We talked about serious stuff, too. Whether she should spend Christmas with her dad this year after three years in a row with her mom, and what that might do to her relationship with both parents. How I felt about my mom, how angry I got, sometimes, because she was always at work, and how guilty I felt because I knew those double shifts were what paid for my new sneakers. Whether Caroline should learn the French horn just to put it on her college résumé. (No, we decided.) We even speculated about what we called the TGT, “The Grand Theory,” meaning whatever we’d come up with as the newest possible reason for my dad’s disappearance.
And she was basically cool with me going on and on about Rebecca until any normal human being would be clawing their eyes out with boredom.
I guess I should say something about Rebecca at this point, too. Rebecca. Who I’d been thinking about obsessively since the first time she showed up to school freshman year with that charm bracelet around her ankle, and I was just…well, just gone.

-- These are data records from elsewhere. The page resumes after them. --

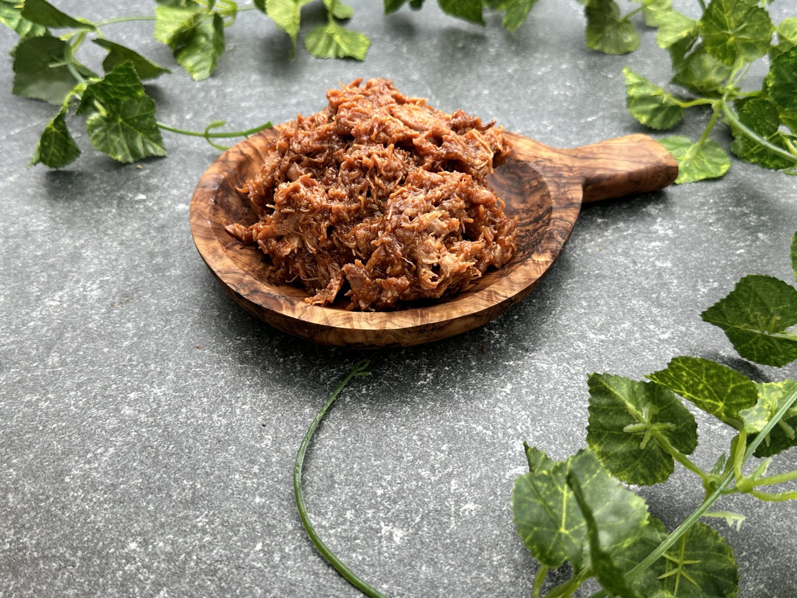 Malse, dunne sliertjes kipdijenvlees, heerlijk gemarineerd en daarna in een unieke pulled bbq-saus
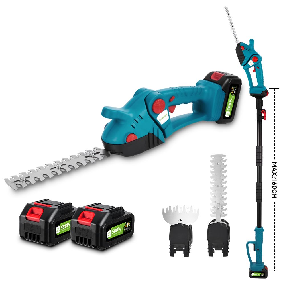 SEESII Brushless Telescopique Taille Haie: 4-en-1 Cisaille à Gazon 160mm & Taille Haies sans Fil 200mm, 2×2,0Ah Batteries, Taille-Haie à Batterie Idéal pour Haies, Rameaux Fins, Pelouses
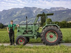 Jan Kropf (21), Landwirt aus Wattenwil BE, ist begeistert von den Bührer-Traktoren: «Ich bin Landwirt und Bührer-Sammler: Ich besitze einen PF 18, einen PP 17 und einen 455. Der PF 18 ist mein TraumTraktor, weil ich ihn mit meinem Vater restauriert habe.
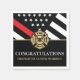 This design features a firemen's flag with black and white stripes, and a thin red line stripe as well. "Congratulations" and a fireman's badge sits above the name of the graduating firefighter. This design also works great for retiring firefighters, lieutenants, or chiefs. Celebrate in style!
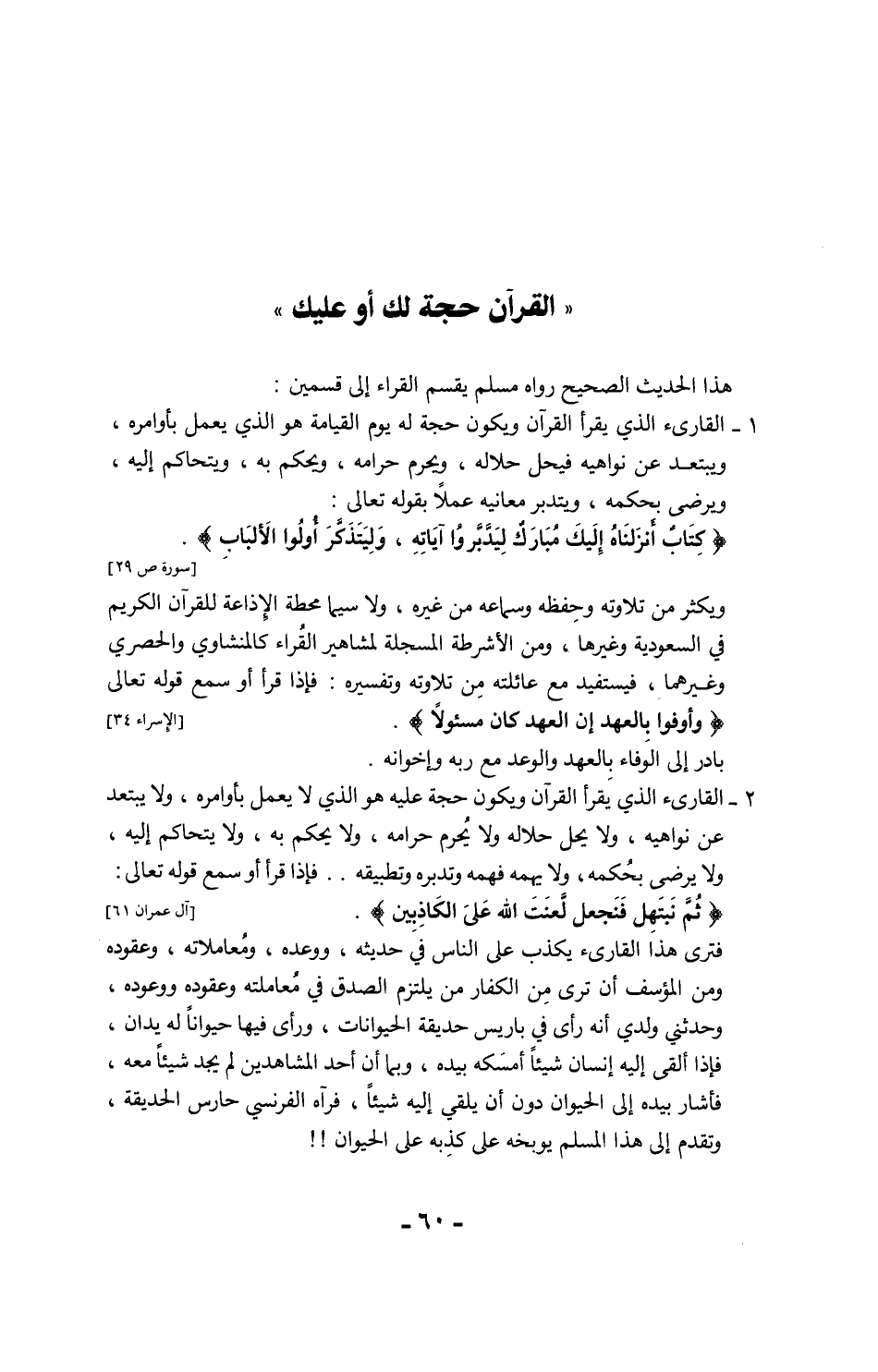 فعليك يا أخي المسلم أن تعمل بما تقرأ وتسمع حتى يكون القرآن حجة لك لا عليك، ولا سيما حفظة القرآن والمشتغلين بعلومه وتفسيره، فكثيراً من حفظة القرآن ومفسريه لا يتقيدون بتعاليمه وآدابه.
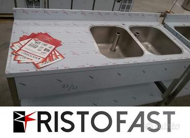 Realizzato in acciaio inox. Vasche insonorizzate con angoli arrotondati complete di piletta e troppo pieno. Piano di lavoro con invaso perimetrale e gocciolatoio inclinato. Alzatina posteriore paraspruzzi ricavata dal piano. Fasce coprivasca. Ripiano inferiore con omega di rinforzo. Gambe in tubolare quadro (40x40) dotate di piedini di livellamento.
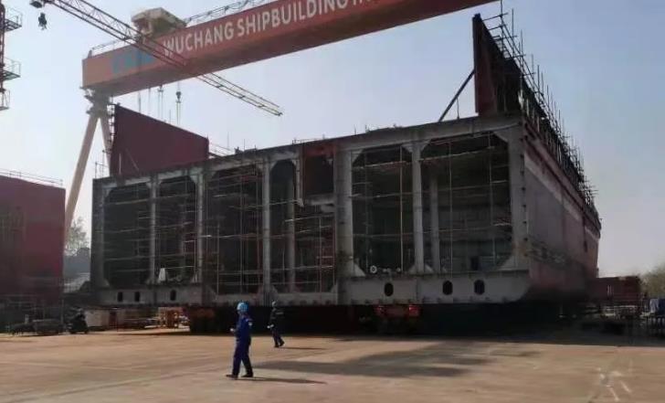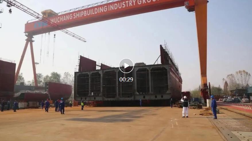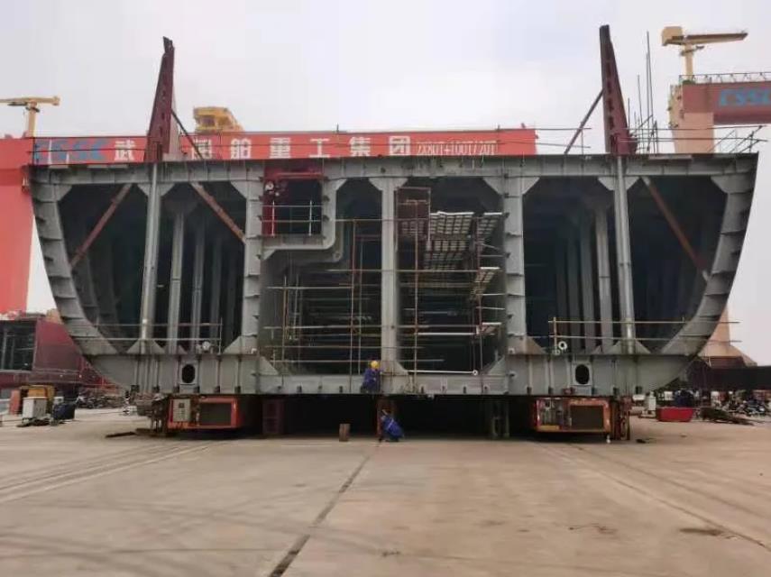 這是公司首次使用模塊車完成近1000噸總段與艉島合攏工作,不僅縮短了船臺建造周期,也為后續(xù)同類型船舶大噸位總段合攏建造打下堅實基礎。

Rebecca was funny. Or at least I assumed so, since her girlfriends laughed at things she said. I was rarely close enough to hear what they were talking about. She was a talker in class, which I liked—she was smart, and not afraid to show it. Definitely a girly girl, the kind of girl you’d expect to be a cheerleader. But she wasn’t. She spent all her time producing our school podcast, interviewing the latest student movers and shakers. Grown-ups, too: she had the local state assemblyman on for a long interview about no-bid recycling contracts. But those were less popular, obviously. In fact, judging from the numbers, I might have been the only kid who listened to that one.
Yes, I listened. To every episode, sometimes more than once. It was the only time I got to hear her voice: warm, smooth, charming. I remember reading the phrase dead sexy in some book, and I thought of Rebecca’s voice right away. Being the focus, the direct target of that voice, that attention—it would be enough to strike you dead. Me, anyway.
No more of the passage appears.